Directions for this task – Starting with the line that holds "Our Bamboo Camp" and stopping after the line that holds "SEC 증권거래위원회와 관련된", repeat the lines below word for word, without the pictures.

Record excerpts –
------------------------------------------------------------------------

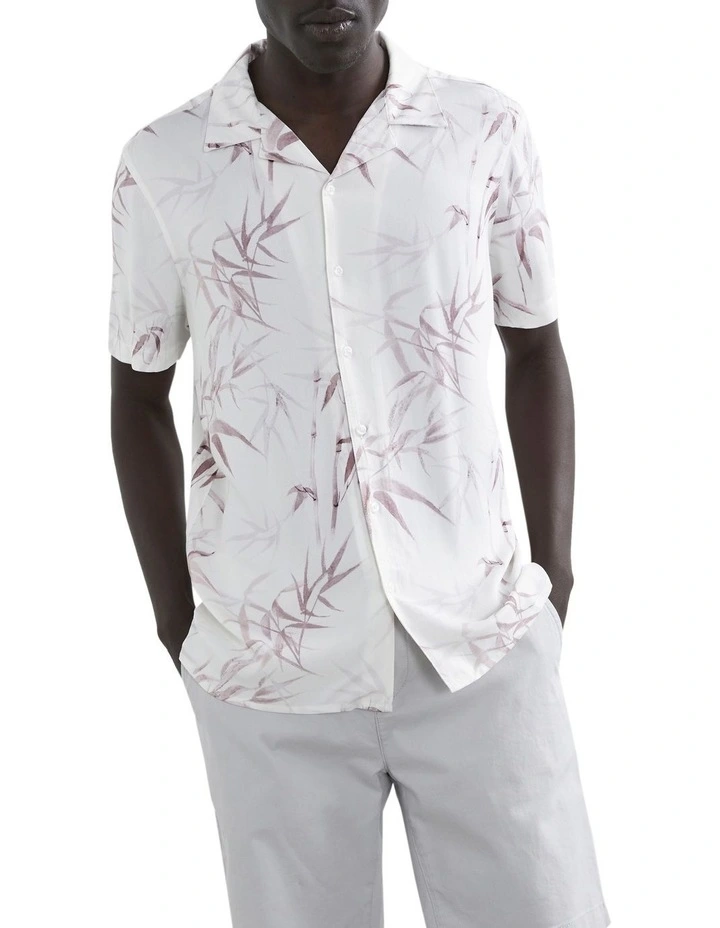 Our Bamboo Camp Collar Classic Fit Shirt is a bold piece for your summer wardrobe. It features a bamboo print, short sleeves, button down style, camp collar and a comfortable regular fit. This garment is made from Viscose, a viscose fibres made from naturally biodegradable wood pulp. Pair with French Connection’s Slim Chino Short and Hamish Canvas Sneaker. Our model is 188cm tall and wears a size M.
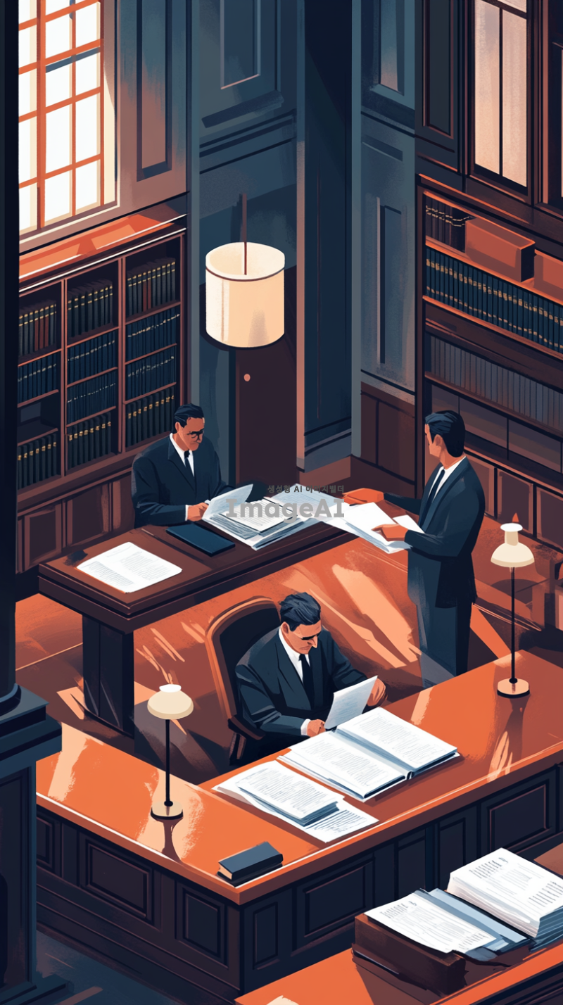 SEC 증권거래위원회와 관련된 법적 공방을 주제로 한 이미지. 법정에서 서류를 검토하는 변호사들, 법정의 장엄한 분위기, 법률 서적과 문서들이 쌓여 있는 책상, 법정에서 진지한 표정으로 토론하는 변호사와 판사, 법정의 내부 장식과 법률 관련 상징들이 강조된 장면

------------------------------------------------------------------------

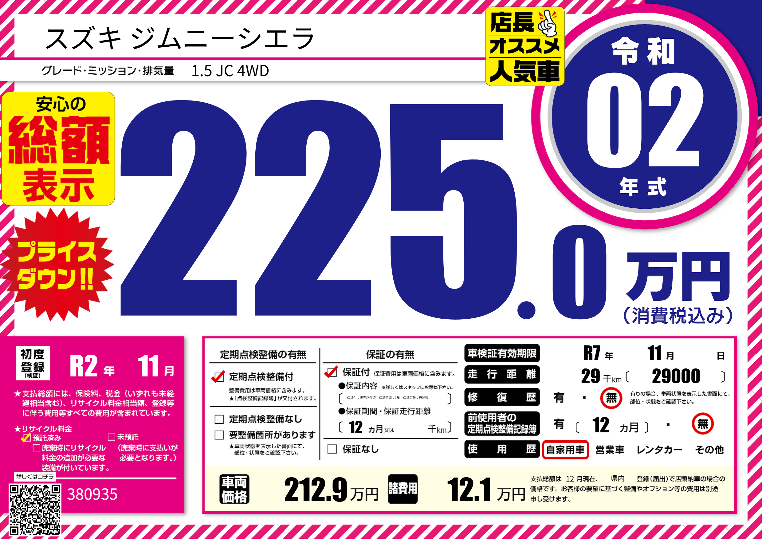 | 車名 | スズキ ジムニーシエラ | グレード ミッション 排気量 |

------------------------------------------------------------------------

Answer section –
 Our Bamboo Camp Collar Classic Fit Shirt is a bold piece for your summer wardrobe. It features a bamboo print, short sleeves, button down style, camp collar and a comfortable regular fit. This garment is made from Viscose, a viscose fibres made from naturally biodegradable wood pulp. Pair with French Connection’s Slim Chino Short and Hamish Canvas Sneaker. Our model is 188cm tall and wears a size M.
 SEC 증권거래위원회와 관련된 법적 공방을 주제로 한 이미지. 법정에서 서류를 검토하는 변호사들, 법정의 장엄한 분위기, 법률 서적과 문서들이 쌓여 있는 책상, 법정에서 진지한 표정으로 토론하는 변호사와 판사, 법정의 내부 장식과 법률 관련 상징들이 강조된 장면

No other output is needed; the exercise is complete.